Do UOL, em São Paulo

30/01/2019 10h14Atualizada em 31/01/2019 10h58

As ações da mineradora Vale (VALE3) operavam em alta nesta quarta-feira (30). Por volta das 17h40, os papéis subiam 9,1%, a R$ 46,63. Na segunda-feira (28), na primeira sessão após o rompimento de uma barragem de rejeitos da companhia em Brumadinho (MG), as ações caíram 24,52%. Na terça-feira (29), subiram 0,85%

Na noite de terça, após o fechamento do mercado, a mineradora divulgou um plano de ação que contempla gastos de R$ 5 bilhões e corte de 10% na previsão de produção anual de ferro.

Para o analista Karel Luketic, da XP Investimentos, o anúncio ajuda a reduzir incertezas em relação ao impacto na produção de curto e de médio prazo. As dúvidas sobre potenciais processos judiciais permanecem. 
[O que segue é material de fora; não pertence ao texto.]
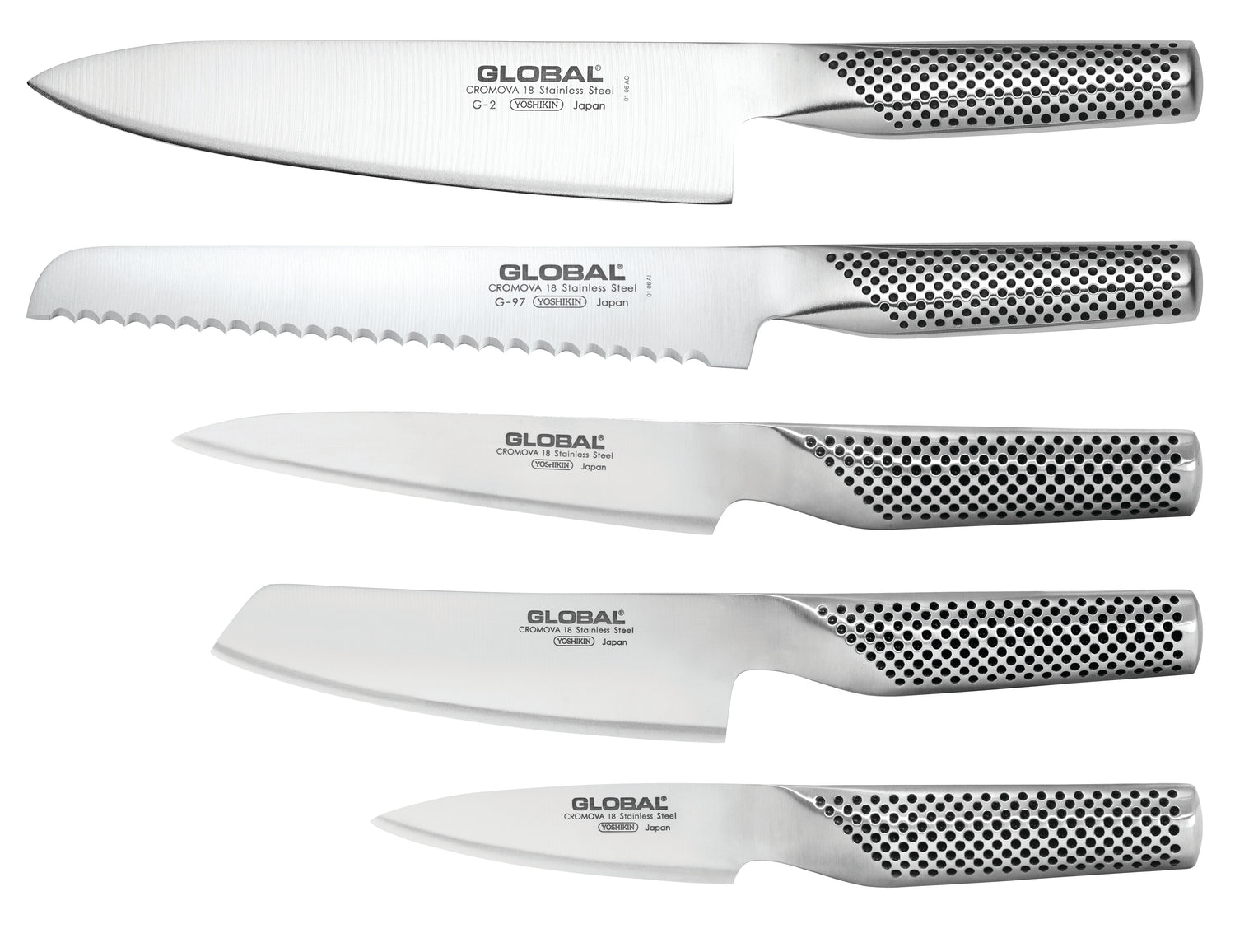Dimensions: Comprises: Paring Knife 10cm, Vegetable Knife 14cm, Utility Knife 15cm, Bread Knife 20cm, Cooks Knife 20cm, Walnut Storage Block

"A queda de aproximadamente 24% nos últimos dois dias, com perda de quase R$ 70 bilhões em valor de mercado [da Vale], parece já refletir parte relevante dos riscos", calcula Luketic, em relatório para clientes, no qual mantém a recomendação de 'compra' para as ações.

Especialistas ouvidos pelo UOL disseram que as ações da Vale subiram na véspera devido a dois fatores: possibilidade de mudança na diretoria da empresa e oportunidade de lucrar com os papéis no futuro.

Bolsa opera em alta; dólar fecha quase estável

Também por volta das 17h40, o Ibovespa, principal índice da Bolsa brasileira, avançava 1,28%, a 96.859,40 pontos

dólar comercial fechou quase estável, com leve alta de 0,06%, a R$ 3,725 na venda. Na véspera, a Bolsa fechou com valorização de 0,2%, a 95.639,33 pontos, e a moeda caiu 1,14%, a R$ 3,723.

Vale vai cortar produção

A mineradora aprovou gastos de R$ 5 bilhões para acabar com as barragens a montante, o tipo de sistema utilizado na estrutura que se rompeu em Brumadinho.

A companhia terá que parar a produção de minério de ferro nas áreas próximas das unidades situadas em Minas Gerais, com impacto de 40 milhões de toneladas de minério de ferro e 11 milhões de toneladas de pelotas ao ano, anunciou na terça-feira o presidente da Vale, Fabio Schvartsman. Os 40 milhões de toneladas de minério de ferro representam 10% da previsão de produção da Vale.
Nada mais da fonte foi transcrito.